22/11/2024
«La Fille de Marseille» de Maria Attanasio : viva Rosalia, par Frédérique Roussel
Maria Attanasio remet en scène une héroïne garibaldienne reniée par son mari arrivé au pouvoir et effacée de l’histoire italienne.
Un jour de désœuvrement de 2010, Maria Attanasio découvre une information datant de 2007. Un article d’une revue en ligne relatait la cérémonie de la pose d’une plaque sur le mur d’un palais florentin pour le bicentenaire de la naissance de Garibaldi. La plaque était dédiée à la garibaldienne de Calatafimi, « Rose Montmasson, débarquée avec les Mille à Marsala ». « Une information inouïe » pour l’écrivaine et poète sicilienne. Si elle savait que des femmes avaient participé au Risorgimento (l’unité italienne) et rejoint l’équipée après son débarquement à Marsala, elle ignorait que l’une d’entre elles avait participé à l’expédition des Mille elle-même. En mai 1860, ce corps composé d’un peu plus de mille volontaires et mené par Garibaldi avait débarqué en Sicile pour détrôner les Bourbons.
Repousser un scandale de bigamie
Quid de cette Rose, ou plutôt Rosalia comme Maria Attanasio le découvrira plus tard ? D’elle, il n’y avait aucune trace dans les livres d’histoire, « un inexplicable silence sur l’héroïne des Mille, comme elle fut appelée par ses contemporains ». De quoi donner envie de retracer sa vie dans un roman, en collectant les rares éléments sur elle et « de schématiques détails existentiels », mais suffisants pour dérouler un fil chronologique épique. Le parcours de Rosalia Montmasson (1823-1904) contient de nombreux ingrédients irrésistibles pour une bonne histoire : une passion amoureuse mêlée d’un idéal politique, une vision commune de la lutte qui diverge au fil du temps, la trahison de l’homme arrivé au sommet du gouvernement et qui en vient à renier la République et son mariage pour repousser un scandale de bigamie.

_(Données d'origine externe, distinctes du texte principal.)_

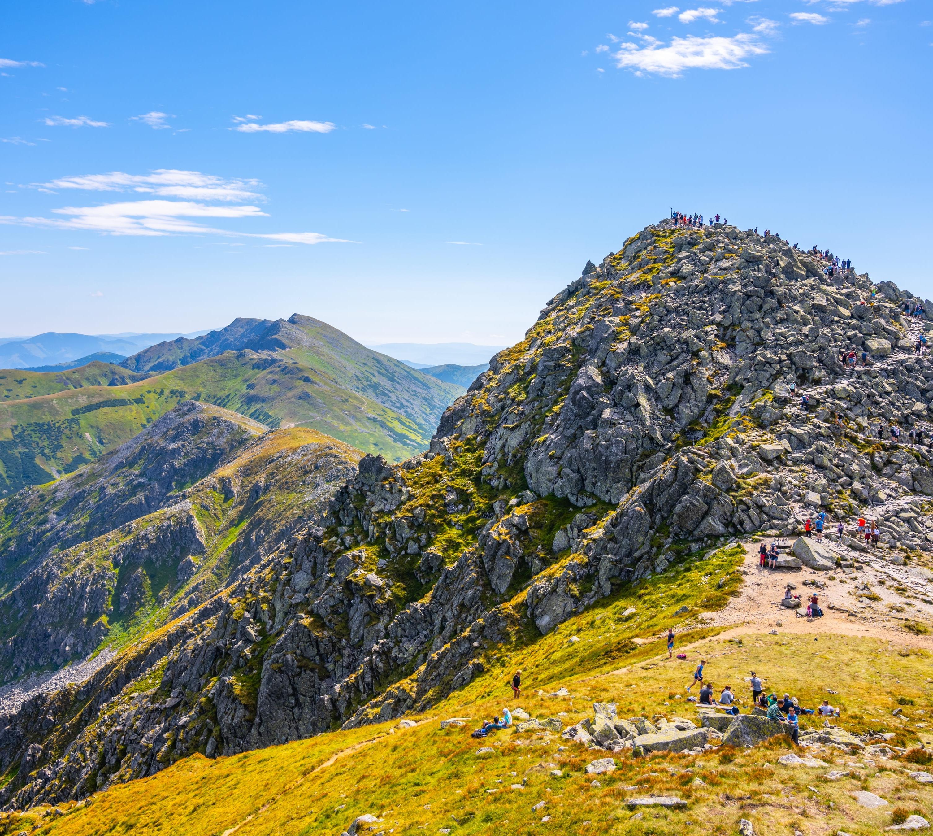 Die höchsten Gipfel sind Ďumbier (2043 m) und Chopok (2024 m). Der Hauptkamm ist 95 km lang und bildet eine Barriere zur Mitte des Landes. Das Besondere daran: Er ist von beiden Seiten begehbar. Die Wanderungen am Grat entlang bieten unvergessliche Ausblicke sowohl zur Hohen Tatra als auch ins mittelslowakische Erzgebirge.

La Fille de Marseille démarre par la rencontre entre ces deux-là, Rosalia et Francesco Crespi, entrevus à Marseille (d’où le titre) puis qui se tombent dans les bras à Turin. Figure majeure de la brève prise de Palerme de 1848 réprimée par Ferdinand II, il est en fuite. Elle, de milieu modeste, ne demande qu’à se dévouer pour une cause. Le couple accueille les Siciliens du comité révolutionnaire en exil, avant que l’arrestation de Francesco ne les amène à Malte pour un an et demi d’exil où ils se marient avec la bénédiction d’un prêtre « vagabond et insomniaque ». Contre Francesco qui pense qu’une femme ne doit pas faire partie des Mille, elle va demander l’autorisation au général lui-même. « Peut-être la femme revendiqua-t-elle son passé de conspiratrice […]. Ou bien, lui répéta-t-elle avec force, que la liberté n’était pas privilège d’homme mais audace du cœur qui dit non à l’aveugle servitude de l’obéissance. Et que les femmes étaient prêtes pour le grand moment. » L’exercice du pouvoir par Francesco Crespi aura un goût amer. Rosalia Montmasson ne reniera rien, jusqu’à réclamer d’être enterrée avec la chemise rouge de garibaldienne.